News

Inequality Like it’s 1999

Our recent Equality Impact Assessment highlighted some interesting points and raises questions around the ‘levelling up’ agenda. Brian Moran, Deputy Chief Executive at Jigsaw explains.

The nation continues to be in the grip of a cost-of-living crisis.  Inflation has increased to a level unseen for 40 years and the drivers of inflation – primarily food and fuel – mean it’s the lower income households who are facing the most severe cost pressures.

In this context, like many organisations, it is vital that the Jigsaw Group’s board is fully informed about the wider implications and the impact its decisions might have on our residents.

One of the ways to do this is via Equality Impact Assessments and last year, when considering the rent increase to apply for the 2022/23 financial year, the board was presented with a particularly interesting Impact Assessment.

One of the things this showed was that the average rents charged to ethnic minority tenants, when measured across bedroom sizes, were lower than those charged to White British tenants.

But overall rents were reported to be higher for ethnic minority tenants than for White British tenants when looked at in aggregate.

This left a few people in the board room scratching their heads.  How could average rents for equivalent property sizes be lower for one group of tenants compared to another, but then the overall rents be higher when rolled together?  The result appeared to be contradictory and needed further investigation.

There is a straightforward answer of course.

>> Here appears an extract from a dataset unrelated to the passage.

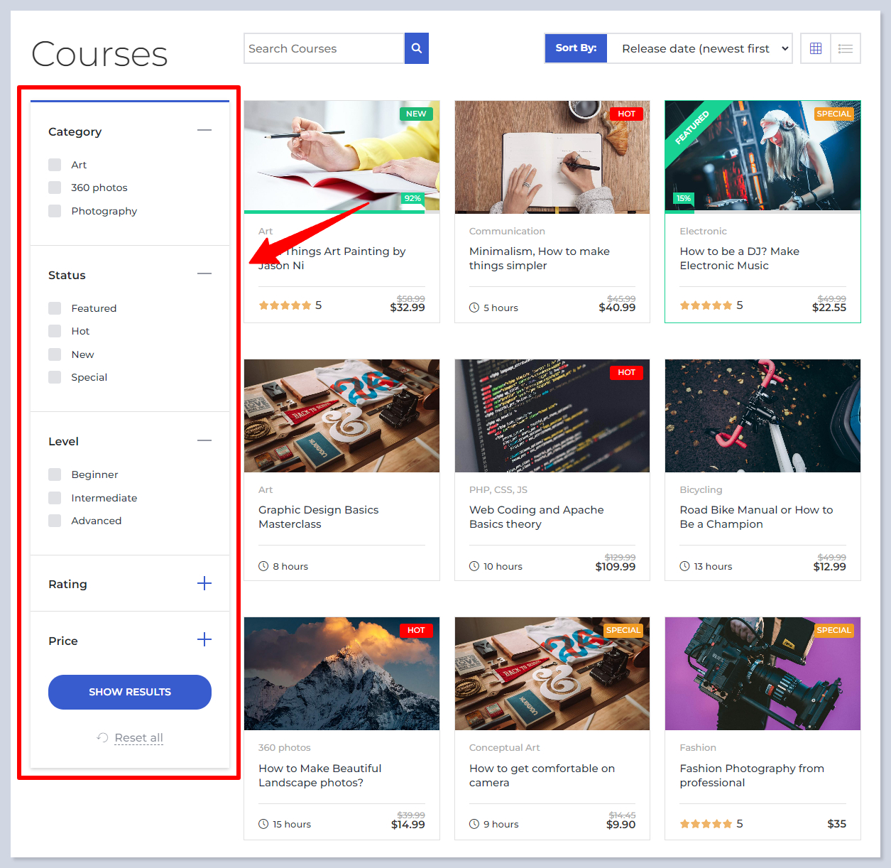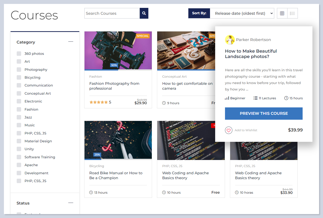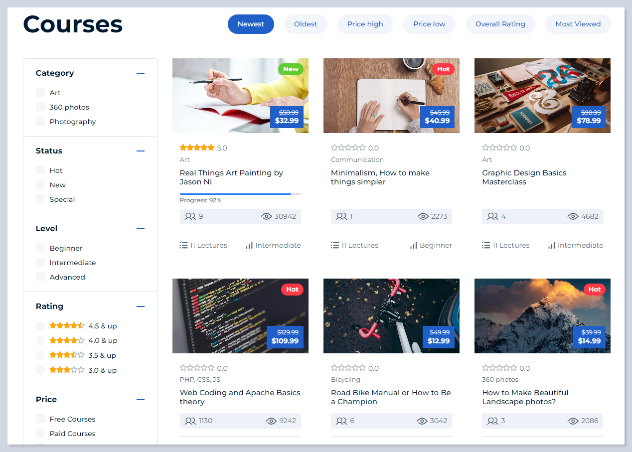 With these options, users can use the sidebar on the course listing page and filter the browsing depending on the chosen category. Every time they apply the filter they do not need to reload the page, every change displays instantly.

Rents are higher in properties with more bedrooms, so tenants renting a three-bed house will pay more than if they rent a two-bed house. Proportionally more of our ethnic minority tenants live in three and four bed homes than White British tenants, as can be seen in the above chart.  So, one problem solved: we were at least assured that the results we reported were accurate and made sense.

Simple enough so far. But wider questions remained: to what extent did this explain the differences in overall rents?  And why were the rents paid by ethnic minority tenants lower on average for the same sized properties?

Our approach to answer these questions was to build a mathematical model – a multiple linear regression model – to enable us to examine the individual factors that were influencing our rents.

Although the model gave the board assurance that Jigsaw rents were being set correctly, the results were eye opening.

In short, our model found that rents were on average lower for ethnic minority tenants in equivalent sized homes to White British tenants because they were more likely to be living in more deprived, lower valuation areas as measured today.

As can be seen from this table – Click here>> , this is an issue affecting our Asian or Asian British Bangladeshi and Asian or Asian British Pakistani tenants the most.

However, the social rents we charge are set according to a “formula rent” and part of the formula uses the value of properties… as they were in 1999.

So the disturbing conclusion is that our rents reflect inequalities that existed over two decades ago, and these are inequalities that are still very real to this day.

Is it right that lower value properties attract lower rents?  I think it is.  For all the faults of the current rent setting formula – chief of which is a failure to reflect the whole house cost of heating a home – lower valued homes should attract lower rents in my opinion.

Is it right that deprived areas from 1999 are still deprived today?  Definitely not.

This work demonstrates how ingrained inequality can be and how  the government’s “levelling-up” agenda must face this fact head on to have any hope of turning around social deprivation which decades of government policy and the well-meaning piecemeal efforts of others, including ourselves, have been unable to properly address.”